Aussie swim trials to keep status quo

The International Olympic Committee’s (IOC) decision to hold swimming finals in the morning at the Beijing 2008 Olympic Games to suit US television schedules is unlikely to change Swimming Australia’s Olympic trials schedule.

Uncharted waters: swimmers need to adapt to a new schedule

US television rights holder NBC had been lobbying heavily for early finals in Beijing to coincide with prime-time viewing hours in the United States, with many observers feeling the IOC caved to the broadcaster rather than taking athletes’ preferences in to consideration.

 

Alan Thompson, Australian head coach, had anticipated the IOC’s decision, but his swimmers are unlikely to have a practice run at the upside-down schedule at their national trials, which normally aim to simulate the Olympic program, reports said.

 

Glenn Tasker, Swimming Australia chief executive, said he expected opposition from coaches, but could not see how the trials could be run successfully with main events held in non-peak viewing times.

 

“We have only discussed this informally, but internally our discussions have been, ‘If we turn our trials upside down, we will struggle to make them commercially viable’,” Tasker told The Melbourne Age on Saturday.

 

“We swim our trials at the Sydney Olympic Aquatic Centre, which is still the best pool in the world, but when you go to the best pool in the world, you pay a fairly steep price for it.

 

“If we swam finals at 10 o’clock in the morning, our athletes would be swimming in front of next to no one.
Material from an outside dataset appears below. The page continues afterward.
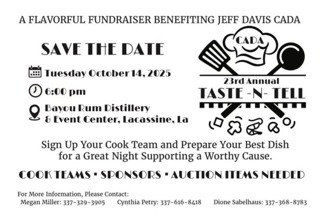 The 23rd Annual flavorful Taste N Tell fundraiser benefiting Jeff Davis CADA will be held October 14th at Bayou Rum Distillery & Event Center.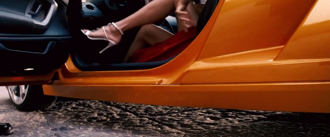▲ 《碟中谍3》中的Maggie Q,单肩露背高开叉红色长裙,橙色兰博基尼超跑,形象比她在《赤裸特工》中更加惊艳。

There would be no atmosphere, we wouldn’t get a gate, so commercially it would hurt us.

 

“It would hurt the athletes from having no atmosphere. So without finalising our discussions, I would be very loath to change our trials,” Tasker added.

 

“I know Alan (Thompson) would be very keen to mirror the program, and we have discussed it, but he would need to have some very compelling arguments to get us to go the other way.”

 

Opposed to the decision

 

Australian swimmer Grant Hackett opposes the IOC's decision
Australian swimmer Grant Hackett opposes the IOC’s decision

Australian swimmer Grant Hackett
opposes the IOC’s decision

Swimming Australia held a workshop in Sydney on Saturday where the country’s elite coaches were briefed by former rowing head coach Brian Richardson, as rowing is one of the few sports that routinely holds its Olympic finals in the morning.

 

Australian Grant Hackett and Dutchman Pieter van den Hoogenband, along with other high-profile swimmers, have been opposed to the IOC’s decision, while Ian Pope, leading Australian swim coach, said he would switch his squad’s race-specific training to the mornings in the months before the Beijing Olympics.

 

“We have a lot of our quality training more of an evening, so what we would do to help simulate that race-specific training, we would encourage doing a lot of that speed-work in the morning,” Pope said.

 

“That conditions them both mentally and physically into the preparation for Beijing.

 

“For some people, it is a mental block, but I think most people won’t have a problem with it. When it comes to an Olympic Games, it’s really who can get the gold.”

 

The Games of the 29th Olympiad will take place in Beijing from August 8 to 24, 2008.